Julia Pierson is out as the director of the Secret Service following story after story in recent days about the agency’s shocking incompetency, including the one about a man running wild through the White House with a knife. Department of Homeland Security Secretary Jeh Johnson announced her predictable exit in a statement: Today, Pierson “offered her resignation, and I accepted it,” he said. “I salute her 30 years of distinguished service to the Secret Service and the Nation.”
Pierson, the agency’s first female director, who took over in 2013 and was supposed to fix things following the Secret Service’s prostitution scandal, has since presided over 42-year-old Iraq veteran Oscar Gonzalez’s invasion of the president’s home. Earlier this month, after hopping the White House fence, Gonzalez blew by multiple guards and through two doors before being tackled by an agent who was off-duty and just happened to be around to save the day.
“I do not think the security plan was properly executed,” said Pierson yesterday in front of the House Committee on Oversight and Government Reform. “I take full responsibility. What happened is unacceptable, and it will never happen again.”

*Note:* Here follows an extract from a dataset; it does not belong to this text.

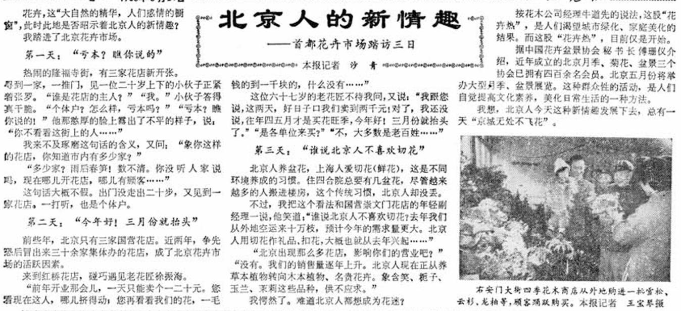 此后短短一两年时间,国营、集体还有个体的30余家花店争先恐后地冒出来,活跃了北京花卉市场。1983年,红桥花店里满目苍翠,顾客摩肩接踵,好不热闹。店主徐振海是一名老花匠,他说,前来买花的多是北京市民,两年前刚开业时,一天只能卖一二十元;现在一到周末,花店里总是人挤人,好的时候一天能卖到一两千元。(1983年3月24日《北京晚报》2版,《北京人的新情趣》)
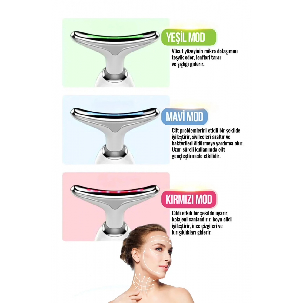3 Modlu EMS Güzellik Cihazı – Kırmızı, Yeşil ve Mavi Işık Terapisi | Titreşim & Sıcak Kompres Destekli

But Secret Service whistleblowers continued to leak humiliating agency info, like the time just three days before Gonzalez, when President Obama was allowed to ride in an elevator with a security contractor who also happened to be a gun-toting felon. While Pierson told the House hearing that she alerted Obama “100 percent of the time” he’d been put at risk, the elevator incident had not come up.
“Congress has lost confidence in my ability to run the agency. The media has made it clear that this is what they expected,” Pierson told Bloomberg News in an interview following her resignation. “I can be pretty stoic about it, but not really. It’s painful to leave as the agency is reeling from a significant security breach.”